EXTRACTED INFORMATION Start Marker
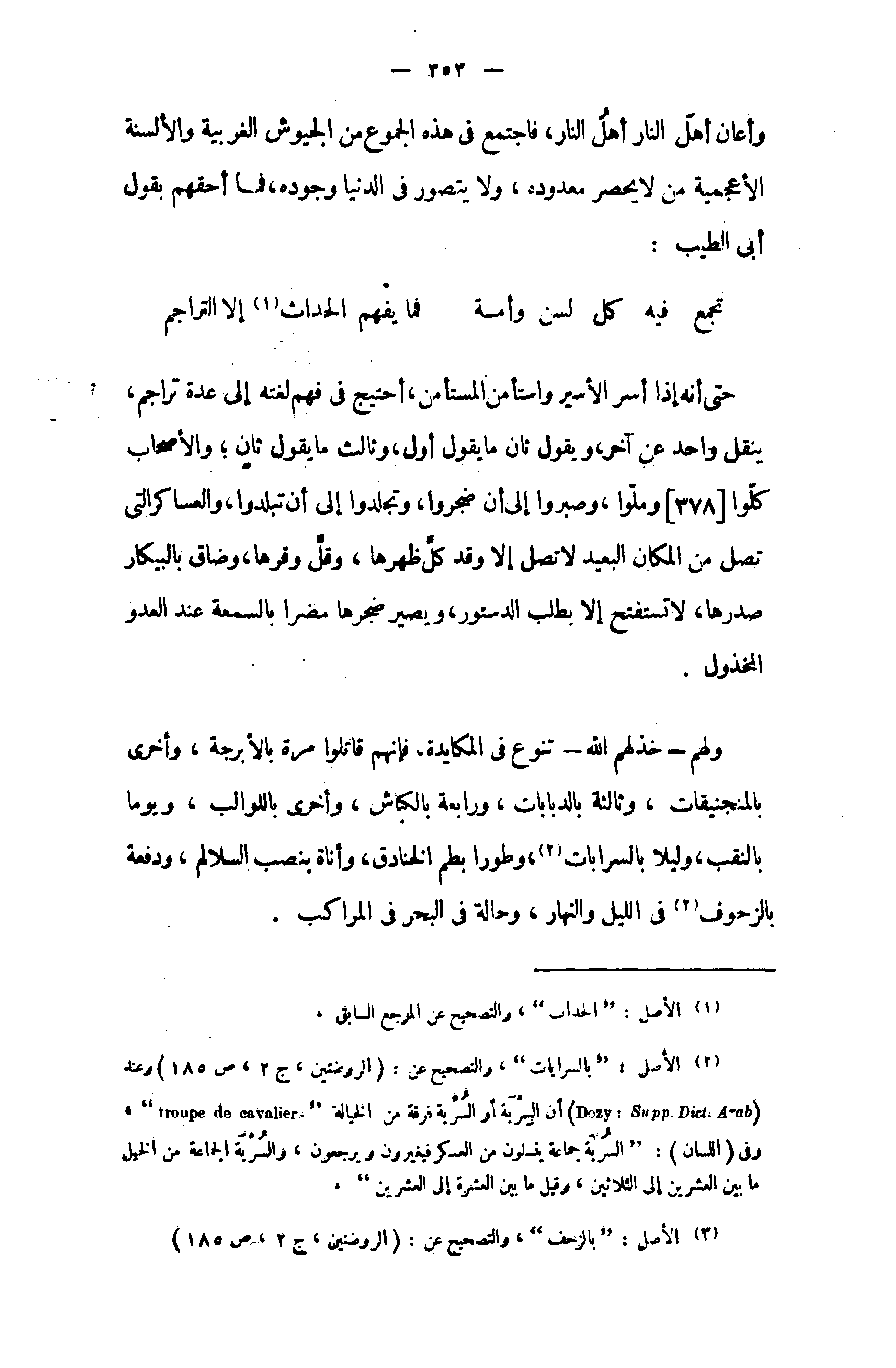 (¬2) الأصل: " بالسرايات "، والتصحيح عن: (الروضتين، ج 2، ص 185) وعند (Dozy : Supp .Dict .Arab) أن السربة أو السربة فرقة من الخيالة، " troupe de cavalier " وفى (اللسان): " السربة جماعة ينسلون من العسكر فيغيرون ويرجعون، والسربة الجماعة من الخيل ما بين العشرين إلى الثلاثين، وقيل ما بين العشرة إلى العشرين ".
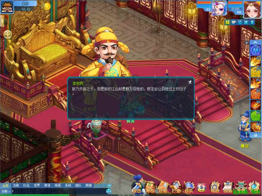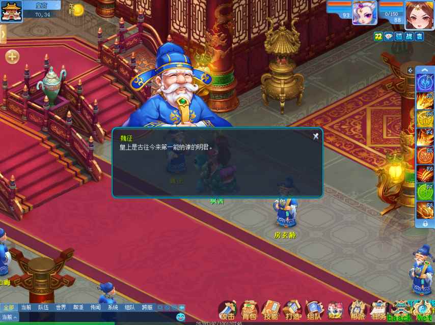 站在宫殿最深处的就是皇帝李世民。这是一位千古名君,他广开言路,纳天下群贤一起理政,打造了贞观盛世。跟他对话后,我们发现这位皇帝确实很贤明,一直在为大唐子民着想。
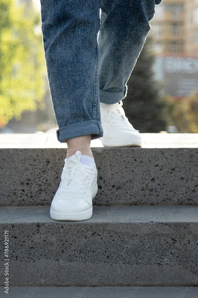 Female legs in white summer sneakers and rolled up jeans descending the stairs in the city . Front view , vertical shot
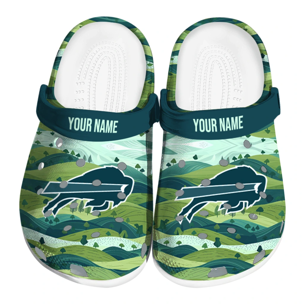 Your Clogs, Your Vibe, Your Name! Customized Buffalo Bills Hills Illustration Clogs from Hey Clogs lets you take sport team-inspired style to a personal level! Featuring the bold colors you love, these featherlight clogs deliver unbeatable, all-day comfort. What a great way to make them truly yours: add your name to the heel strap! Perfect for gifting or treating yourself, these personalized clogs are a fun, spirited way to step out in comfort.
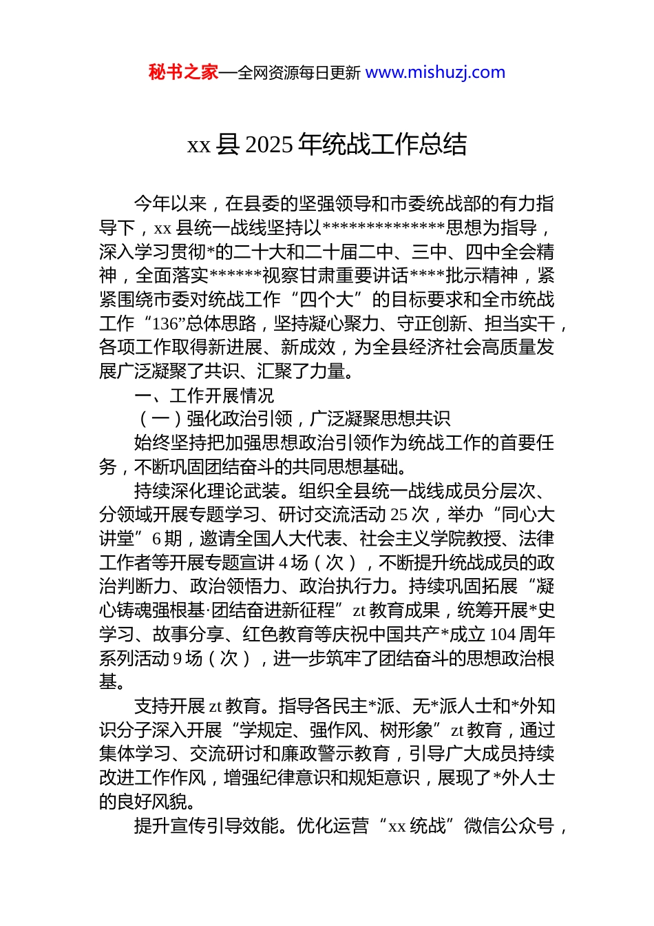 秘书之家—全网资源每日更新 www.mishuzj.comxx 县 2025 年统战工作总结今年以来,在县委的坚强领导和市委统战部的有力指导下,xx 县统一战线坚持以**************思想为指导,深入学习贯彻*的二十大和二十届二中、三中、四中全会精神,全面落实******视察甘肃重要讲话****批示精神,紧紧围绕市委对统战工作“四个大”的目标要求和全市统战工作“136”总体思路,坚持凝心聚力、守正创新、担当实干,各项工作取得新进展、新成效,为全县经济社会高质量发展广泛凝聚了共识、汇聚了力量。一、工作开展情况(一)强化政治引领,广泛凝聚思想共识始终坚持把加强思想政治引领作为统战工作的首要任务,不断巩固团结奋斗的共同思想基础。持续深化理论武装。组织全县统一战线成员分层次、分领域开展专题学习、研讨交流活动 25 次,举办“同心大讲堂”6 期,邀请全国人大代表、社会主义学院教授、法律工作者等开展专题宣讲 4 场(次),不断提升统战成员的政治判断力、政治领悟力、政治执行力。持续巩固拓展“凝心铸魂强根基·团结奋进新征程”zt 教育成果,统筹开展*史学习、故事分享、红色教育等庆祝中国共产*成立 104 周年系列活动 9 场(次),进一步筑牢了团结奋斗的思想政治根基。支持开展 zt 教育。指导各民主*派、无*派人士和*外知识分子深入开展“学规定、强作风、树形象”zt 教育,通过集体学习、交流研讨和廉政警示教育,引导广大成员持续改进工作作风,增强纪律意识和规矩意识,展现了*外人士的良好风貌。提升宣传引导效能。优化运营“xx 统战”微信公众号,秘书之家—全网资源每日更新 www.mishuzj.com开设“统战风采”“统战史话”等专题专栏,发布统战成员先进典型事迹 4 期,刊发“统战史话”3 期、“***讲过的民族团结故事”18 期。累计转发推送上级统战政策、理论知识 249 篇(条),发布本地统战工作动态信息 86 篇(条),其中 65 篇(条)被甘肃统一战线网、《凝聚》杂志、陇东报、“庆阳统战”等媒体平台采用,统战工作的传播力、引导力、影响力显著增强。(二)坚持*的领导,不断完善大统战工作格局坚决扛起*委抓统战工作的主体责任,推动统战工作与全县中心工作同频共振、深度融合。健全领导机制。县委常委会 4 次传达学习上级关于统战工作的重要精神和部署要求,专题研究统战工作。及时调整优化县委统一战线(民族**)工作领导小组组成单位,年内召开领导小组全体会议、专题会议共 3 次,确保各项工作部署到位、责任到人。压实基层责任。全面贯彻《*委(*组)落实统战工作责任制规定》,指导各乡(镇)*委、政府梳理明确统一战线(民族**)工作履职事项清单。健全完善县、乡、村(社区)三级统战联络员、信息员联动协作机制,持续夯实基层统战工作基础,确保统战工作在基层有人抓、有人管、能落实。(三)聚焦中心任务,着力服务高质量发展紧紧围绕全县经济社会发展大局,发挥统战优势,积极献计出力。深入推进多*合作。制定并落实《中共 xx 县委 2025 年政*协商计划》,组织召开专题会议,向*外人士通报*风廉政建设和反腐败工作情况,征求到民主*派、工商联、无*派人士意见建议 8 条。建立县委统战部班子成员定期走访联系*外代表人士工作机制,开展“双走访”活动 3 次,联系*外人士 18 人,密切了与*外代表人士的沟通交流。支持民盟xx 县支部发挥优势,开展“同心烛光”行动,举办高考志秘书之家—全网资源每日更新 www.mishuzj.com愿填报公益指导,联合省市民盟组织开展“科技兴农”和“携手并肩·爱润未来”同心助学活动,邀请盟内专家举办种养殖技术培训 3 场(次),为临泾原畔小学、庙渠初中捐赠价值 7 万余元的校服、学习用品和体育器材。促进民营经济“两个健康”。深入开展“百企调研纾困”行动,走访调研民营企业 29 户,协调解决实际困难问题 7 个。召开全县民营经济高质量发展大会,发布 xx 县2024 年度民营企业 10 强榜单,树立标杆,激发活力。实施民营经济人士“青蓝接力”行动,组织开展年轻一代民营经济人士健康成长调研,推荐 41 名优秀企业家进入“新兴”人才数据库,选派 1 ...
EXTRACTED INFORMATION End Marker
Please set down the records exactly, and keep every image out of the copy.

• RESPONSE AREA:
 (¬2) الأصل: " بالسرايات "، والتصحيح عن: (الروضتين، ج 2، ص 185) وعند (Dozy : Supp .Dict .Arab) أن السربة أو السربة فرقة من الخيالة، " troupe de cavalier " وفى (اللسان): " السربة جماعة ينسلون من العسكر فيغيرون ويرجعون، والسربة الجماعة من الخيل ما بين العشرين إلى الثلاثين، وقيل ما بين العشرة إلى العشرين ".
 站在宫殿最深处的就是皇帝李世民。这是一位千古名君,他广开言路,纳天下群贤一起理政,打造了贞观盛世。跟他对话后,我们发现这位皇帝确实很贤明,一直在为大唐子民着想。
 Female legs in white summer sneakers and rolled up jeans descending the stairs in the city . Front view , vertical shot
 Your Clogs, Your Vibe, Your Name! Customized Buffalo Bills Hills Illustration Clogs from Hey Clogs lets you take sport team-inspired style to a personal level! Featuring the bold colors you love, these featherlight clogs deliver unbeatable, all-day comfort. What a great way to make them truly yours: add your name to the heel strap! Perfect for gifting or treating yourself, these personalized clogs are a fun, spirited way to step out in comfort.
 秘书之家—全网资源每日更新 www.mishuzj.comxx 县 2025 年统战工作总结今年以来,在县委的坚强领导和市委统战部的有力指导下,xx 县统一战线坚持以**************思想为指导,深入学习贯彻*的二十大和二十届二中、三中、四中全会精神,全面落实******视察甘肃重要讲话****批示精神,紧紧围绕市委对统战工作“四个大”的目标要求和全市统战工作“136”总体思路,坚持凝心聚力、守正创新、担当实干,各项工作取得新进展、新成效,为全县经济社会高质量发展广泛凝聚了共识、汇聚了力量。一、工作开展情况(一)强化政治引领,广泛凝聚思想共识始终坚持把加强思想政治引领作为统战工作的首要任务,不断巩固团结奋斗的共同思想基础。持续深化理论武装。组织全县统一战线成员分层次、分领域开展专题学习、研讨交流活动 25 次,举办“同心大讲堂”6 期,邀请全国人大代表、社会主义学院教授、法律工作者等开展专题宣讲 4 场(次),不断提升统战成员的政治判断力、政治领悟力、政治执行力。持续巩固拓展“凝心铸魂强根基·团结奋进新征程”zt 教育成果,统筹开展*史学习、故事分享、红色教育等庆祝中国共产*成立 104 周年系列活动 9 场(次),进一步筑牢了团结奋斗的思想政治根基。支持开展 zt 教育。指导各民主*派、无*派人士和*外知识分子深入开展“学规定、强作风、树形象”zt 教育,通过集体学习、交流研讨和廉政警示教育,引导广大成员持续改进工作作风,增强纪律意识和规矩意识,展现了*外人士的良好风貌。提升宣传引导效能。优化运营“xx 统战”微信公众号,秘书之家—全网资源每日更新 www.mishuzj.com开设“统战风采”“统战史话”等专题专栏,发布统战成员先进典型事迹 4 期,刊发“统战史话”3 期、“***讲过的民族团结故事”18 期。累计转发推送上级统战政策、理论知识 249 篇(条),发布本地统战工作动态信息 86 篇(条),其中 65 篇(条)被甘肃统一战线网、《凝聚》杂志、陇东报、“庆阳统战”等媒体平台采用,统战工作的传播力、引导力、影响力显著增强。(二)坚持*的领导,不断完善大统战工作格局坚决扛起*委抓统战工作的主体责任,推动统战工作与全县中心工作同频共振、深度融合。健全领导机制。县委常委会 4 次传达学习上级关于统战工作的重要精神和部署要求,专题研究统战工作。及时调整优化县委统一战线(民族**)工作领导小组组成单位,年内召开领导小组全体会议、专题会议共 3 次,确保各项工作部署到位、责任到人。压实基层责任。全面贯彻《*委(*组)落实统战工作责任制规定》,指导各乡(镇)*委、政府梳理明确统一战线(民族**)工作履职事项清单。健全完善县、乡、村(社区)三级统战联络员、信息员联动协作机制,持续夯实基层统战工作基础,确保统战工作在基层有人抓、有人管、能落实。(三)聚焦中心任务,着力服务高质量发展紧紧围绕全县经济社会发展大局,发挥统战优势,积极献计出力。深入推进多*合作。制定并落实《中共 xx 县委 2025 年政*协商计划》,组织召开专题会议,向*外人士通报*风廉政建设和反腐败工作情况,征求到民主*派、工商联、无*派人士意见建议 8 条。建立县委统战部班子成员定期走访联系*外代表人士工作机制,开展“双走访”活动 3 次,联系*外人士 18 人,密切了与*外代表人士的沟通交流。支持民盟xx 县支部发挥优势,开展“同心烛光”行动,举办高考志秘书之家—全网资源每日更新 www.mishuzj.com愿填报公益指导,联合省市民盟组织开展“科技兴农”和“携手并肩·爱润未来”同心助学活动,邀请盟内专家举办种养殖技术培训 3 场(次),为临泾原畔小学、庙渠初中捐赠价值 7 万余元的校服、学习用品和体育器材。促进民营经济“两个健康”。深入开展“百企调研纾困”行动,走访调研民营企业 29 户,协调解决实际困难问题 7 个。召开全县民营经济高质量发展大会,发布 xx 县2024 年度民营企业 10 强榜单,树立标杆,激发活力。实施民营经济人士“青蓝接力”行动,组织开展年轻一代民营经济人士健康成长调研,推荐 41 名优秀企业家进入“新兴”人才数据库,选派 1 ...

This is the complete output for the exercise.